DanielGelfand commented 3 years ago

Now the above code runs on AWS Lambda but the driver cannot go anywhere. If I try to grab the page source at any web page it prints <html xmlns="http://www.w3.org/1999/xhtml"><head></head><body></body></html>

wkeeling commented 3 years ago

Can you see anything in the log/console - any messages, tracebacks etc?

DanielGelfand commented 3 years ago

None, only thing I know is that if I use the regular selenium webdriver I am able to get the page source. With selenium-wire, it unfortunately fails.

DanielGelfand commented 3 years ago

Update: Webdriver is now able to go to webpages when '--proxy-bypass-list=*' argument is added. However, this prevents me from using my proxy. Any advice?

wkeeling commented 3 years ago

Yes the --proxy-bypass-list will also bypass Selenium Wire's embedded proxy so it won't be able to intercept requests.

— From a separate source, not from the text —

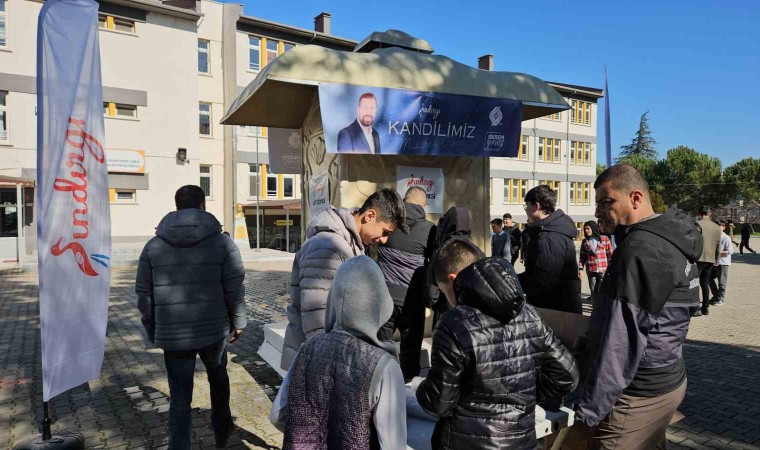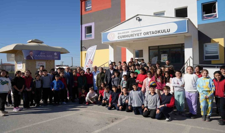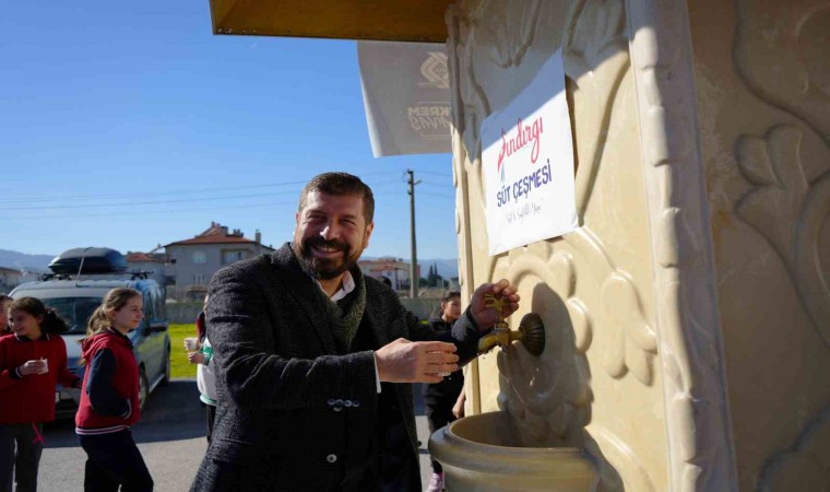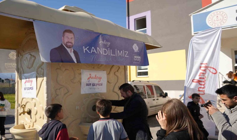 Balıkesir’in Sındırgı ilçesinde, Miraç Kandili dolayısıyla öğrencilere süt çeşmesinden süt ikram edildi.

Without seeing an error it's hard to know what's happening. It's possible that the certificate generation may be failing. Does the environment you're running in have OpenSSL installed?

DanielGelfand commented 3 years ago

Yes, the lambda function has an OpenSSL layer.

DanielGelfand commented 3 years ago

OpenSSL Version is OpenSSL 1.0.2k-fips 26 Jan 2017 Debug Mode shows that proxy was created. seleniumwire.proxy.backend - INFO - Created proxy listening on 127.0.0.1:35587 Any advice?

wkeeling commented 3 years ago

OK thanks. So it looks like the proxy is being created, but failing at the point where it's trying to capture the request and then killing the connection to Chrome. Maybe a silly question, but can you access /tmp without any issues (I notice that's where the request storage dir is pointing)?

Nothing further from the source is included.